How to Effectively Outsource Call Center Operations?

Inside any organization, be it large or small, hundreds, if not thousands, of people make hundreds of decisions each year. Only a few are strategic, such as those that involve commitment through investments like specific products and services, innovation, operations management and customer service. Within the “customer service” banner, you would see a mishmash of functions and processes ranging from call center operations management to client surveys and customer service representative training. To effectively outsource call center operations, a company must analyze its internal client service practices, identify risks and benefits of outsourcing, develop an outsourcing plan, select service providers and implement the outsourcing plan.


Analyze Internal Customer Service Practices

Before implementing an outsourcing scheme, a company first must determine what its current practices are. Things to consider here include the client service staff hiring and termination practices, employee morale, training plans and customer surveys. Other elements a client service manager must heed are more amorphous, the kind of thing you cannot see but can feel if you do a quick investigation about the company’s brand position and find out that customers think they receive excellent or subpar service. In analyzing current internal practices, a business must give operational prominence to technology. In other words, it must use state-of-the-art software and equipment to track client feedback over time. In analyzing internal processes, an organization must heed things like client service delivery, best practices, global sourcing strategy and proper use of technology, says Mike McMenamin, an expert on call center operations outsourcing and a director at Information Services Group, a leading market intelligence firm.

Identify Risks and Benefits of Outsourcing

After poring over internal practices, a company must figure out the risks and benefits of call center operations outsourcing. Risks include operational inefficiency due to time zone difference as well as cultural divergence between clients and customer service representatives. Benefits run the gamut from lower salaries and overall reduced operational expenses to efficiency in processes as varied as customer delivery, response time and profitability tracking.

Develop an Outsourcing Plan

According to call center outsourcing connoisseurs Zeynep Aksin, Mor Armony and Vijay Mehrotra – all of whom are associated with New York University – an effective outsourcing plan must include things like forecasting, personnel scheduling, capacity planning and queuing. The last item is critical because that is how a business must strike the perfect balance between making customers wait for a few minutes and serve them as soon as possible.

Select Service Providers

Effectively outsourcing call center operations requires attention to detail, business savvy, an ear for cultural subtleties and a keen understanding of cross-border business practices.

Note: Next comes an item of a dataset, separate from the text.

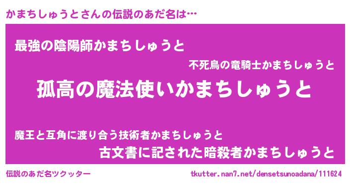 | ヒーロー風カッコイイあだ名 | 『暗黒騎士カマ』『ネオカマチシュウト』 |
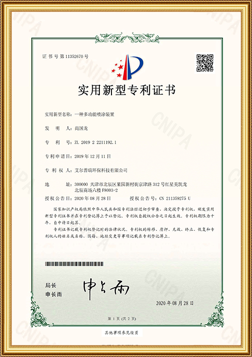 實用新型專利證書(一種多功能噴涂裝置)

The last item explains why, for example, you would sometimes hear client service staff in a foreign country, say, India, speak impeccable English with an accent close to what you would perceive in Boston, Houston or Los Angeles. Besides cultural affinity, a company selects service providers based on criteria like financial solidity, regulatory compliance, reputation, market position and reputation.

Implement the Outsourcing Plan

After analyzing its internal practices, identifying its risks and benefits and selecting service providers, a company must implement its outsourcing plan. Noteworthy factors to include in the rollout range from staff training to interface integration to risk mitigation to service delivery to feedback tracking. Here the key goal is to make sure the company’s operations meddle nicely with the service provider’s processes, so that customers don’t feel like talking to someone at another company or that their calls are not handled in an effective and operationally efficient manner.

Last Word

For a business, the decision to outsource call center operations is as strategic as operational. The company needs to make sure its outsourcing strategy meshes perfectly with its client service standards, lest patrons not understand how and when to contact the company for general questions or specific inquiries. To implement an effective outsourcing program, the organization must figure out what it currently does, determine operational problems it is facing, select the right outsourcing company to fix internal issues, and save cash in the long term.